------ Source material
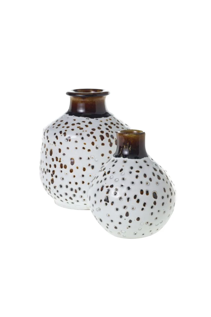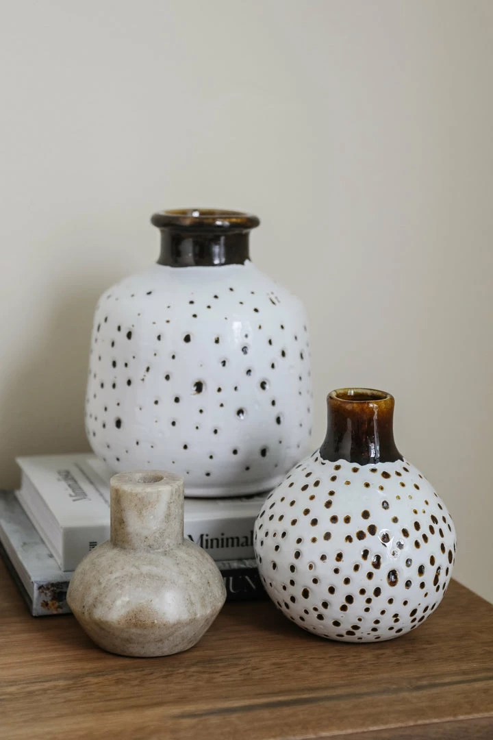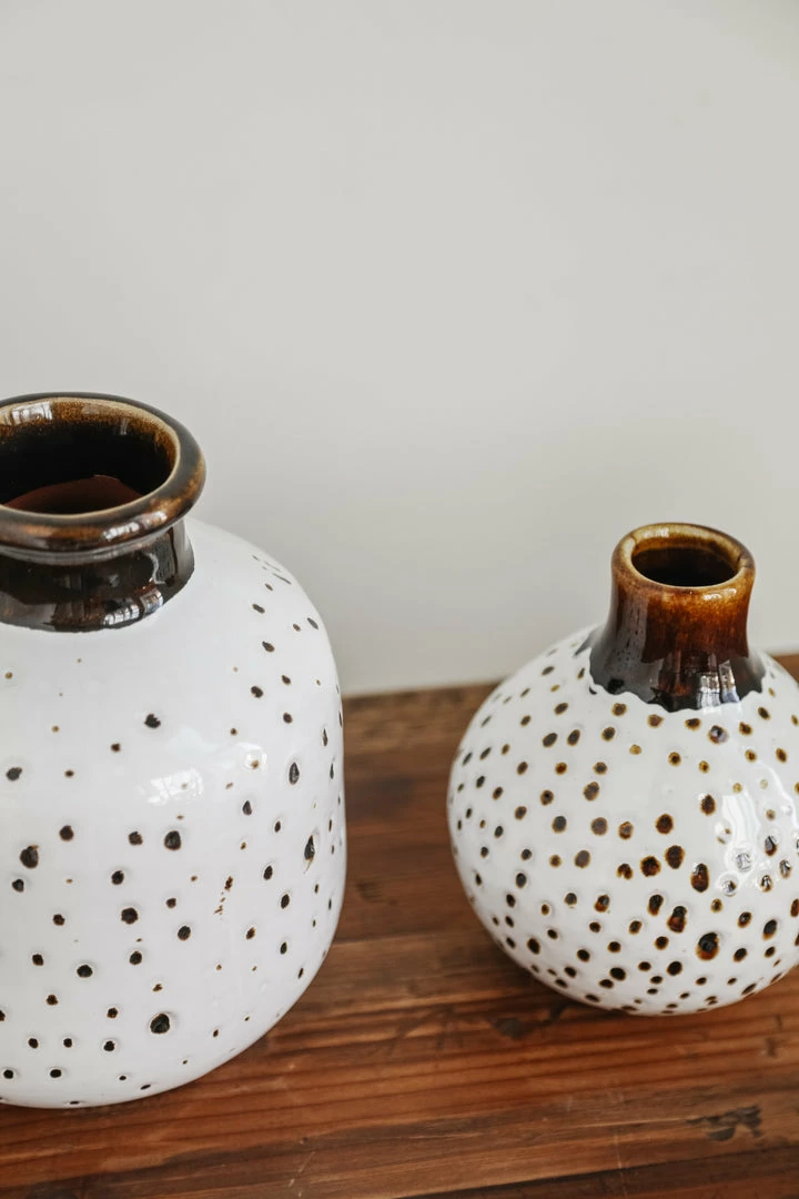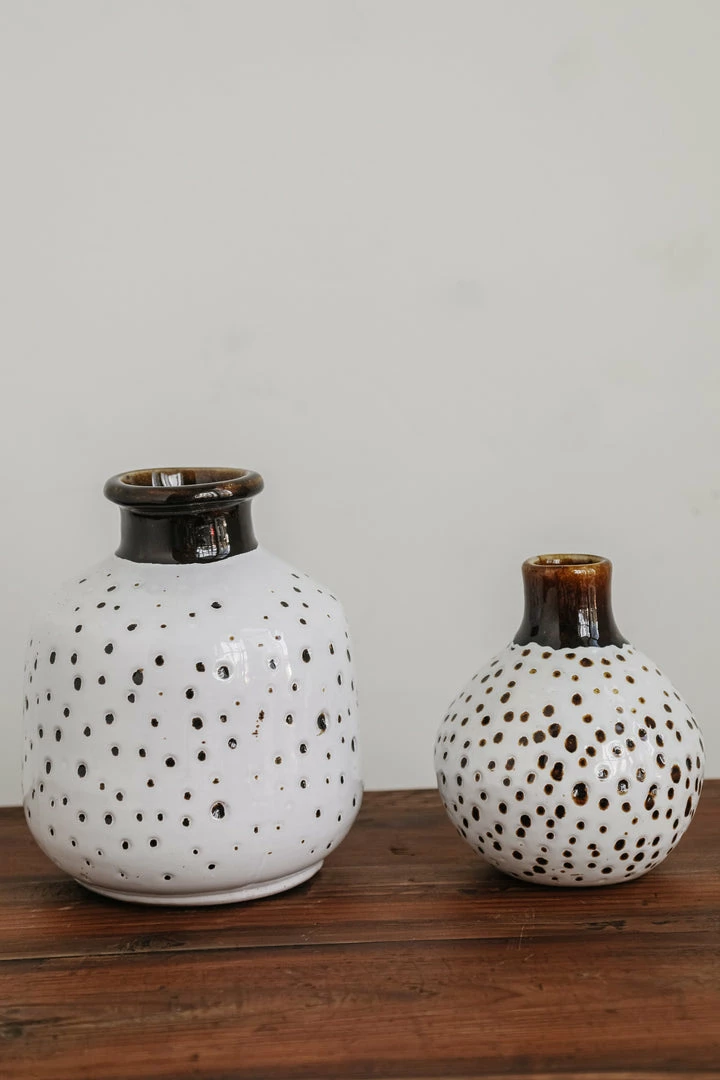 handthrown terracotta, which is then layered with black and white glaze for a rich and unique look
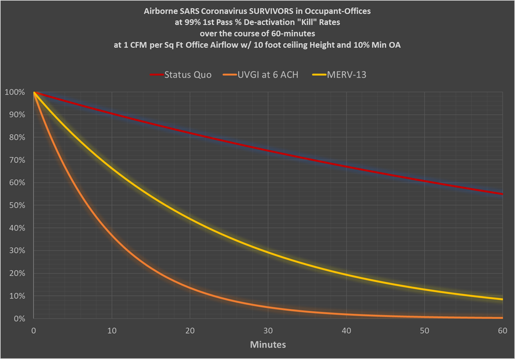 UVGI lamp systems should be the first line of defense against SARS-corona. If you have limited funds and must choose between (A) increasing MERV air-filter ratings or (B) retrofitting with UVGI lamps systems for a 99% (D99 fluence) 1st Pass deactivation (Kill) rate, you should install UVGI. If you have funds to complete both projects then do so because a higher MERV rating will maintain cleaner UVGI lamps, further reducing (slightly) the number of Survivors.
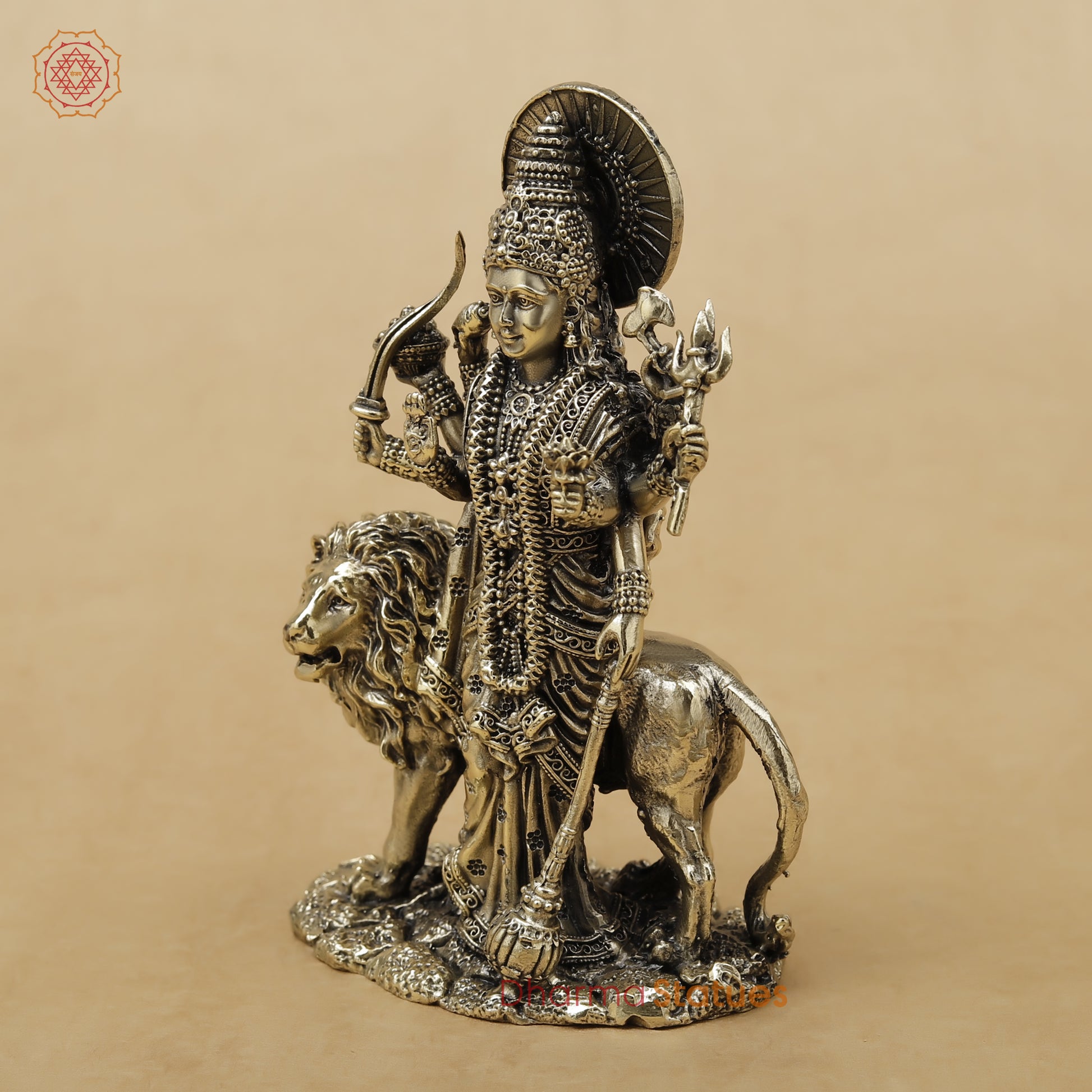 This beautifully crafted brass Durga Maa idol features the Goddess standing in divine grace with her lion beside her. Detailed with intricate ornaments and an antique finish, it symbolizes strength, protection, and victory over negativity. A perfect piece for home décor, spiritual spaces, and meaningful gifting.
------------
Retype all of the material above precisely as it reads. Pictures are not part of the copy.

 handthrown terracotta, which is then layered with black and white glaze for a rich and unique look
 UVGI lamp systems should be the first line of defense against SARS-corona. If you have limited funds and must choose between (A) increasing MERV air-filter ratings or (B) retrofitting with UVGI lamps systems for a 99% (D99 fluence) 1st Pass deactivation (Kill) rate, you should install UVGI. If you have funds to complete both projects then do so because a higher MERV rating will maintain cleaner UVGI lamps, further reducing (slightly) the number of Survivors.
 This beautifully crafted brass Durga Maa idol features the Goddess standing in divine grace with her lion beside her. Detailed with intricate ornaments and an antique finish, it symbolizes strength, protection, and victory over negativity. A perfect piece for home décor, spiritual spaces, and meaningful gifting.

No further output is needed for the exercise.